My Father Spoke Finglish at Work by Noreen Sippola Fairburn

My Father Spoke Finglish at Work by Noreen Sippola Fairburn

Author:Noreen Sippola Fairburn [Fairburn, Noreen Sippola]
Language: eng
Format: epub
Tags: Nonfiction, History, Americas, United States
ISBN: 9781631010446
Publisher: The Kent State University Press
Published: 2014-01-20T05:00:00+00:00


Oliver Kaura

My father, Victor Kaura, left Peräseinäjoki, Finland, for economic reasons. He arrived in Ashtabula in 1901 because he had friends there. My mother, Minnie Sippola, came from Ylistaro in 1903 when she was twelve years old. Both families had friends here and chose to come as things weren’t very good economically in Finland. My mother and father met in Ashtabula and were married in Bethany Lutheran Church.
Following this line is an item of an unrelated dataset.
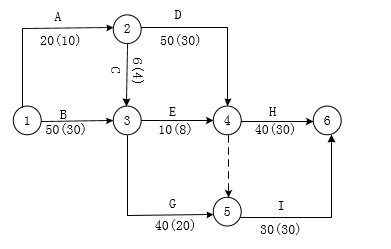 【说明】 刘某和李某分别是一个软件公司的项目经理和合同经理,该软件公司给某客户完成一个软件项目,根据分析该软件项目的网络计划如图4-1所示,箭线下方(或右方)括号外为正常持续时间,括号内为最短工作历时,假定计划工期为100天,根据实际情况和考虑被压缩工作选择的因素,缩短顺序依次为B、C、D、E、G、H、I、A ,试对该网络计划进行工期优化。
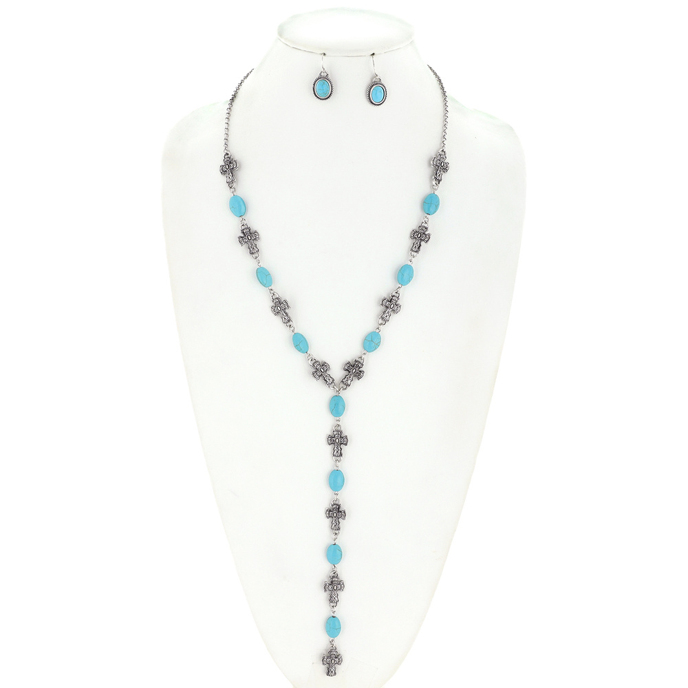 Western Style Cross Multi Stone Lariat Y Adjustable Necklace Earring Set

My father was a carpenter, and my mother worked at the dry-cleaning place on Joseph Avenue. I remember she would wave to me out of the window when I came home from school. I was born on August 7, 1912, when they lived on Bridge Street. I grew up on Bridge Street and went to Washington Elementary School. I didn’t have any brothers or sisters, just cousins. My father had a brother and sister here, and my mother had three sisters in Ashtabula.

My father was a carpenter, and he built our first house on Ohio Avenue, so I went to school at the Jackson building for one year. Then he built another house on West Fourteenth Street, and that’s where we lived the rest of my growing-up years.
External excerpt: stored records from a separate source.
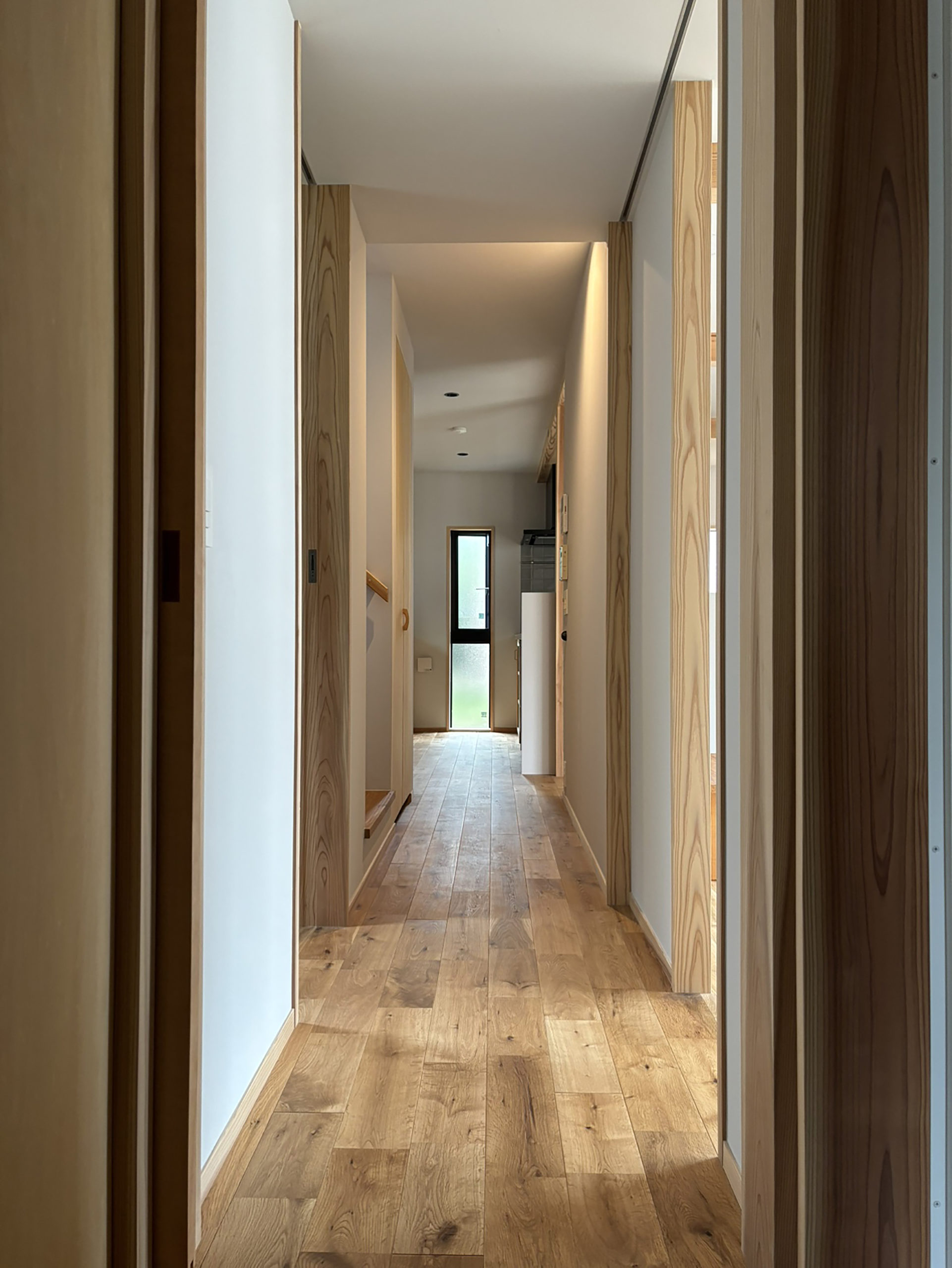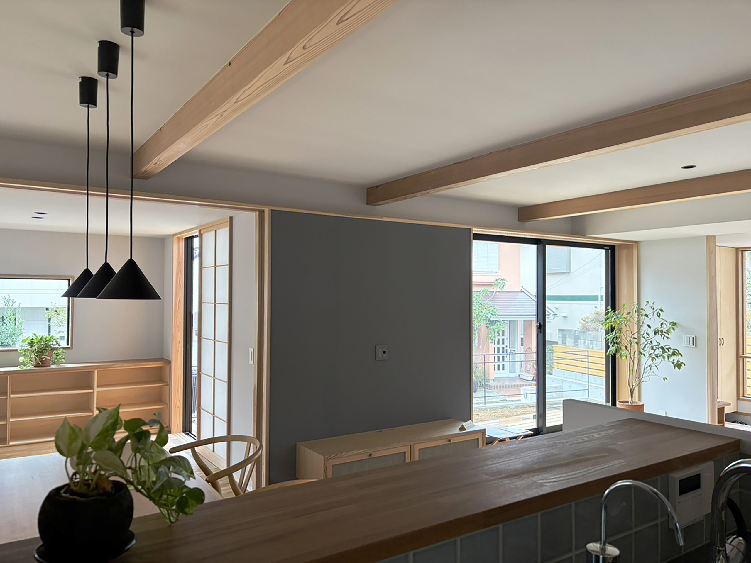キッチンに立つとダイニング、リビング、そして庭にまで視線が抜けていき、小さな家でありながらも、家族の動きと時間がひとつながりになる広がりを感じます。
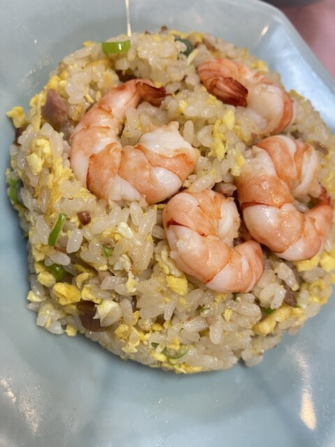 お目当てはお二人の写真ビジュアルでやられたエビチャーハンだ
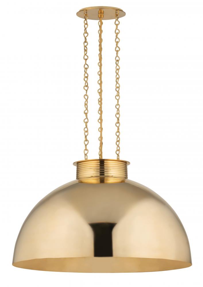 Suspended by three delicate decorative chains, this large-scale dome fixture is designed to bring refinement to everyday spaces. The allover Vintage Brass finish is refined and reflective, while the textured metal ‘bangle’ hardware gives the silhouette a jewelry-like feel. Available in two sizes, Perseus makes a bold, dynamic impression in modern spaces.
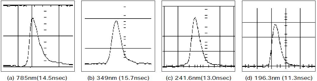Figure 8. Measured pulse shapes of Ti:sapphire, THG, first SFM, and second SFM (10ns/div).
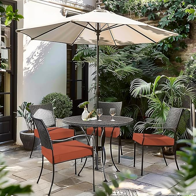 Favoyard Patio Chair Cushions 18 x 18 x 3 Inch Waterproof Outdoor Seat Cushions for Patio Furniture 3-Year Color Fastness Garden Sofa Couch Chair Pads with Handle & Adjustable Straps Set of 2, Spice
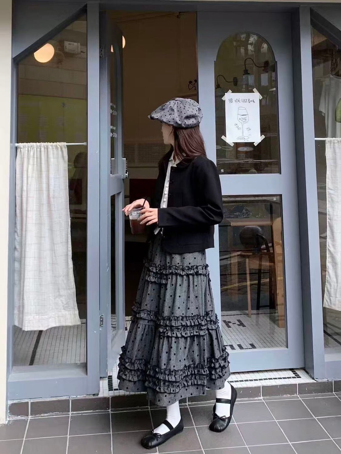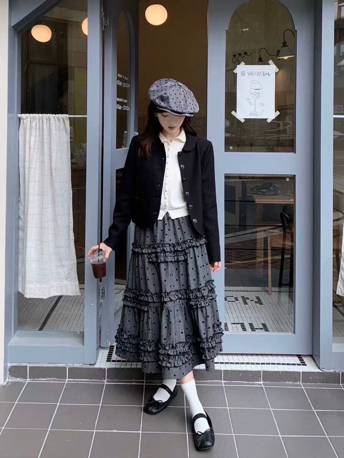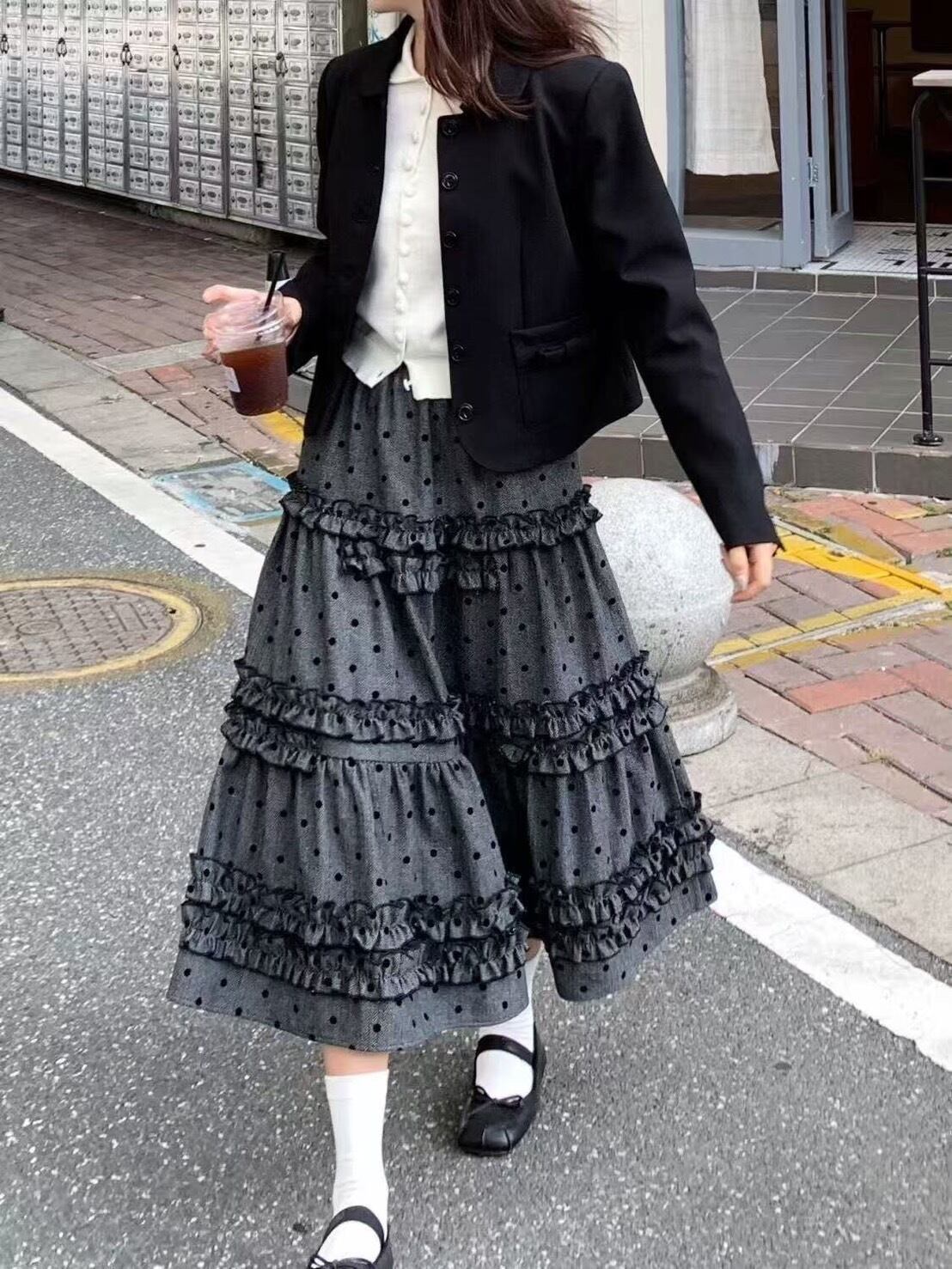ヴィンテージライクドット柄ティアードスカート

My father played first-chair clarinet in the Humina [Murmur] Band and some other relatives played in the band, too. I played trumpet with the band, and when they went on their Finland tour in 1927 I wanted to go along, but my father wouldn’t permit me to go because I wasn’t quite fifteen at the time.

I joined the Keefer-Smith Orchestra in Erie while I was still in high school, and that’s when I joined the musicians’ union. I played for other dances when they didn’t interfere with the Erie band’s schedule, which was every Saturday night and on holidays. It was my first paying job.

After my 1930 high school graduation, I played with different bands and was earning twenty-five dollars a night—more than my father was earning at that time. I first joined Markko and the Californians. Two of us guys were the only ones who weren’t from California. Then I joined with a Southern band and played all over: New Orleans, Florida, and one summer we played by a lake in New Jersey. They had the blue laws in effect there, and we couldn’t have any jobs on Sunday, so when we got done at midnight one Saturday night several of us went to New York which was about thirty-five miles away. So then I stayed in New York and started to play there at different clubs and with different bands. In fact, I played at the Roxy Theatre. I spent twelve years in New York, from 1933 to 1945. I played with bands while studying at Julliard to become a classical cellist.

Then the war broke out. Guys were drafted or enlisted and bands began to break up. I had four weeks of training at Great Lakes Naval Center in Illinois, but by then the war was over and I didn’t have to serve.

In 1945 I came back to Ashtabula and was staying with my parents when Charlie Potti came to see me.